The ship is beautiful. According to the sheet they distributed, the Clipper Adventurer was originally launched as the Alla Tarasova, named for a famous Russian actress. She was built in 1975 in Yugoslavia for a Russian shipping firm. Her port was in Murmansk until 1997 when the Clipper Cruise Line bought her. She has an ice-strengthened hull. After purchasing her, the Clipper Line had her completely refurbished in a Danish shipyard. Denny was glad to read that she had “state-of-the-art fin stabilizers” added in 1998. For the last 10 years she has been carrying 110 passengers, a Filipino crew of 55, and a cruising staff of 10+ on “luxury adventure tours.” Many of the passengers seem to be repeat Clipper Line customers on the Adventurer or the Odyssey. Unfortunately, it has been sold or leased tK and this is its final voyage as a Clipper ship.
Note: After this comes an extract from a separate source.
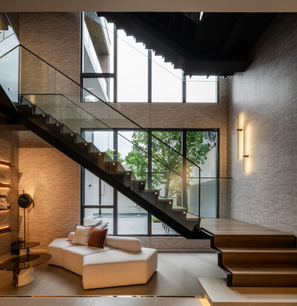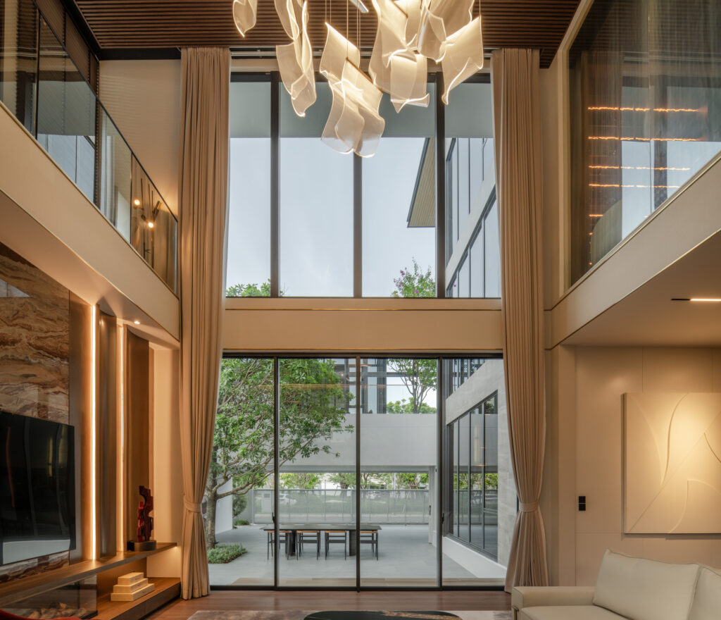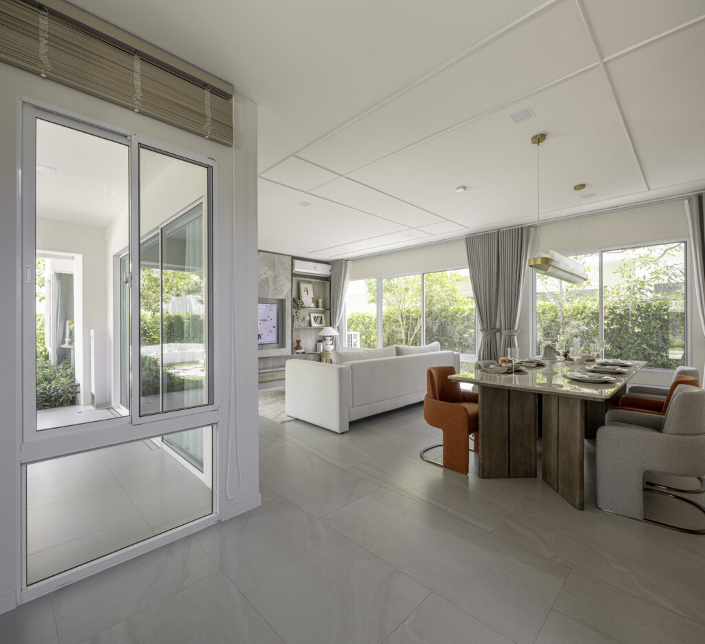 เพื่อเติมเต็มศิลป์แห่งชีวิต ทางโครงการเลือกใช้ ประตูหน้าต่าง TOSTEM ตลอดทั้งหลัง พร้อมออกแบบให้ทุกมุมมองเปิดกว้างและเชื่อมต่อกันอย่างเป็นธรรมชาติ ผ่าน Double Volume สูงถึง 6.9 เมตร ที่สร้างความรู้สึกโปร่งโล่ง มีลำดับชั้นและจังหวะของสเปซอย่างลงตัว พร้อม Double View มุมมองสองฝั่งที่สมดุล เพิ่มความโอ่อ่าและการเชื่อมต่อระหว่างพื้นที่ ทำให้ผู้อยู่อาศัยสัมผัสสัดส่วน สเปซ และแสงธรรมชาติได้เต็มที่

The cabins aboard are spatious and comfortable. Each has twin beds on the floor (no bunk beds) and at least a porthole. Steve, the chef, and Carlene, the hotel manager, run a terrific food and guest service. The Filipino staff members are fun, well trained and cheerful servers. The meals are all gourmet (what a rack of lamb!) and delicious. I can’t say enough about the soups (pumpkin, carrot ginger, and tortilla all the way through turkey noodle)! The pies and pastries, or daily “special desserts” (molten chocolate cake, bread pudding with whiskey sauce, antarctic ice torte, peanut butter chocolate satin pie, etc.) plus the “Clipper Bar treats” later in the evening (Belgian white chocolate rice krispie treats, for example) are unbelieveable! There is also a homemade special ice cream (carmel, pistachio and oreo to name a few) plus a different sorbet each day! We will need every step of the following two months of hiking to take off the pounds we are putting on during these twelve days!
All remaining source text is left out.